De plus, vous devez disposer d'un agent autonome , avec des objectifs générés dynamiquement. Une architecture bien connue que vous pouvez essayer est l'agent BDI, mais vous devrez probablement la modifier pour que cette architecture fonctionne dans votre cas pratique. Comme alternative, il y a aussi le réseau de Petri récursif, que vous pouvez probablement combiner avec toutes sortes de variations des réseaux de Petri pour obtenir ce que vous voulez car c'est un cadre très bien étudié et flexible, avec de grandes procédures de formalisation et de preuves.

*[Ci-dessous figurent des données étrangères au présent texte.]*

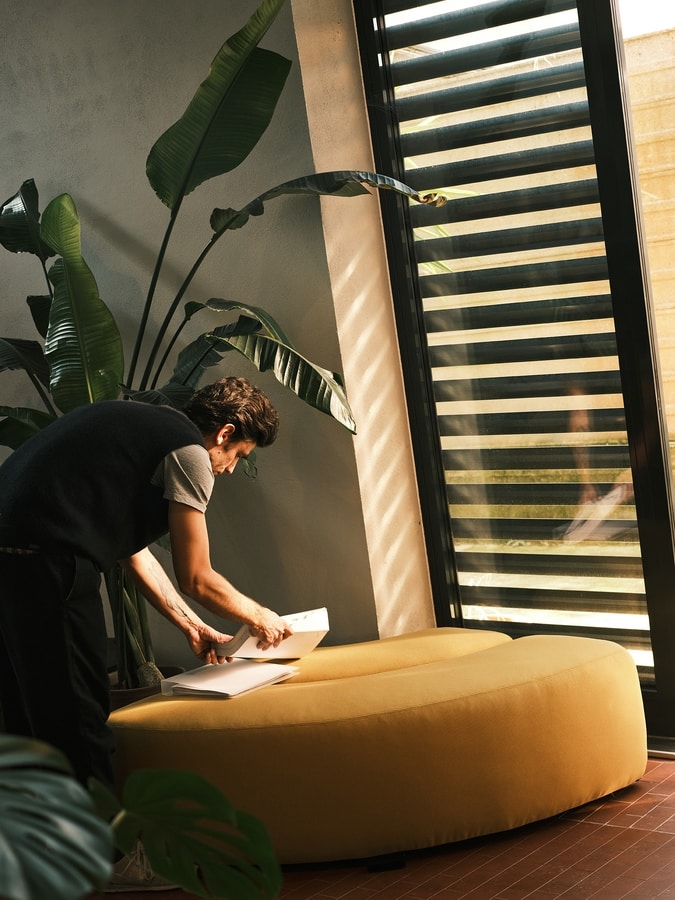 Disponible également avec dossier, accoudoirs et table basse en métal, DOTLINE se distingue par son équilibre entre praticité et esthétique. Ses formes douces et son design essentiel permettent de l’intégrer dans n’importe quel contexte, créant des ambiances harmonieuses et dynamiques.

Et enfin, même si vous faites tout ce qui précède, vous devrez trouver un moyen d'émuler le jeu à une vitesse accélérée (utiliser une vidéo peut être bien, mais le problème est que votre algorithme ne regardera que sans contrôle et ne pourra essayer par lui-même est très important pour l'apprentissage). En effet, il est bien connu que l'algorithme de pointe actuel prend beaucoup plus de temps pour apprendre la même chose qu'un humain peut apprendre (encore plus avec l'apprentissage par renforcement), donc s'il ne peut pas accélérer le processus ( c'est-à-dire, si vous ne pouvez pas accélérer le temps de jeu), votre algorithme ne convergera même pas en une seule vie ...
Pour conclure, ce que vous voulez réaliser ici est à la limite (et peut-être un peu au-delà) des algorithmes actuels de pointe . Je pense que c'est peut-être possible, mais même si c'est le cas, vous allez passer énormément de temps , car ce n'est pas un problème théorique mais un problème pratique que vous abordez ici, et donc vous devez mettre en œuvre et combiner beaucoup de différentes approches de l'IA afin de le résoudre.
Plusieurs décennies de recherche avec toute une équipe travaillant dessus ne suffiraient peut-être pas, donc si vous êtes seul et que vous y travaillez à temps partiel (car vous avez probablement un emploi pour vivre), vous pouvez passer toute une vie sans atteindre n'importe où une solution de travail.
Donc, mon conseil le plus important ici serait de réduire vos attentes et d'essayer de réduire la complexitéde votre problème en utilisant toutes les informations que vous pouvez, et évitez autant que possible de vous fier aux captures d'écran (c'est-à-dire essayez de vous connecter directement au jeu, recherchez l'injection de DLL), et simplifiez certains problèmes en implémentant des procédures supervisées, ne laissez pas votre L'algorithme apprend tout (c'est-à-dire, abandonne le traitement d'image pour le moment autant que possible et s'appuie sur les informations internes du jeu, plus tard, si votre algorithme fonctionne bien, vous pouvez remplacer certaines parties de votre programme d'IA par un traitement d'image, atteignant ainsi en général votre objectif complet, par exemple, si vous pouvez faire fonctionner quelque chose assez bien, vous pouvez essayer de complexifier votre problème et remplacer les procédures supervisées et les données de jeu de mémoire par des algorithmes d'apprentissage automatique non supervisés sur les captures d'écran).
Bonne chance, et si cela fonctionne, assurez-vous de publier un article, vous pouvez sûrement vous faire connaître pour avoir résolu un problème pratique aussi difficile!